Я согласился. Потом девочки играли своими самодельными тряпичными куклами. Тетя Сарра возилась на кухне, а я рассматривал их дом. Оказывается, этот длинный дом делится на две половины. Одна половина, где они живут, а вторая половина – сарай. Причем, вход в сарай есть и с кухни, и со двора. Вход со двора я заметил не сразу. У тети Сарры было большое хозяйство: корова, куры, утки и свинья, которая без конца хрюкала в сарае так, что и на кухне было слышно. Все окна были у них с восточной стороны, где по утрам всходит солнце. И в кухне, и в зале, и в спальне стояла старая мебель. Ее, наверно, лет сто не меняли: такая же старая как и весь дом. Наверно, здесь жили не только родители дяди Павла, но и его дедушка с бабушкой. Из дивана выглядывали наружу несколько пружин. От всей обстановки веяло глубокой стариной. Такой же старой оказалась и корова со сломанным рогом.
Дядя Павел пришел домой, когда уже начинало темнеть. Мы попили молока с черным хлебом и легли спать. Мне постелили как раз на этом старом диване. Утром я проснулся, когда солнце вовсю освещало зал. Девочки стояли напротив и улыбались. Никогда раньше я так поздно не вставал. Вошла тетя Сарра и сказала:
– Быстрей одевайся. Надо спешить к деду, а то не застанете его дома.
После завтрака, который состоял из картошки с кислым молоком, девочки повели меня к деду.
Улицы Быхова ни в какое сравнение не шли с рогачевскими: все какие-то кривые, с ветхими домами, переулки такие узкие, что и телега не проедет. Девочки вели меня по какому-то запутанному лабиринту улиц. Но они шли так уверенно, что я не сомневался в том, что дорогу к деду они знают. Наверно, много раз туда ходили. Я бы давно уже запутался. За всю дорогу я не встретил ни одного кирпичного дома. Да, Быхов – не чета Рогачеву!
Наконец, мы остановились около довольно большого дома, из которого несся стук молотка, бьющего по жести. Наверно, это – здесь. Девочки с трудом открыли калитку, за которой сразу же вниз вели ступеньки. В небольшом дворике казалось, что мы находимся в яме. Через узенькую дверь мы вошли в подвальное помещение. Маленькое окошко настолько запылилось, что свет с трудом пробивался в подвал.

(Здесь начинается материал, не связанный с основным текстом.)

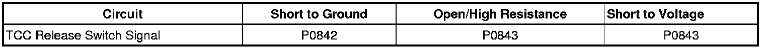 * DTC P0842 detects low voltage, a CLOSED TCC release switch, indicating the TCC is applied when the PCM is commanding the TCC off and TCC slip shows the TCC is OFF.

Когда мы вошли, я увидел около старика с бородой не совсем старую женщину. Одна кровать, небольшой шкаф и два стула у стола – вот и вся обстановка. Удары молотка по жести здесь были слышны еще больше, чем на улице. Похоже было, что прямо под потолком работал жестянщик. Сразу с дороги девочки закричали наперебой:
– Дедушка, мы привели к тебе Левочку из Рогачева!
– Неужели? – радостным, но слабым голосом воскликнул дедушка. – Подойди ко мне, внучек, дай-ка я посмотрю на тебя у окна, – позвал он меня.
Я подошел к нему. Стук молотка о жесть прекратился, и стало приятно тихо. Дедушка положил на мои плечи свои худые руки, повернул меня к единственному окошку и стал всматриваться в меня улыбчивыми глазами. Лицо у него почти все заросло рыжевато-седой бородой и все было испещрено тонкими морщинами. На голове у него был старый потертый картуз, а лацканы пиджака были запачканы жировыми пятнами.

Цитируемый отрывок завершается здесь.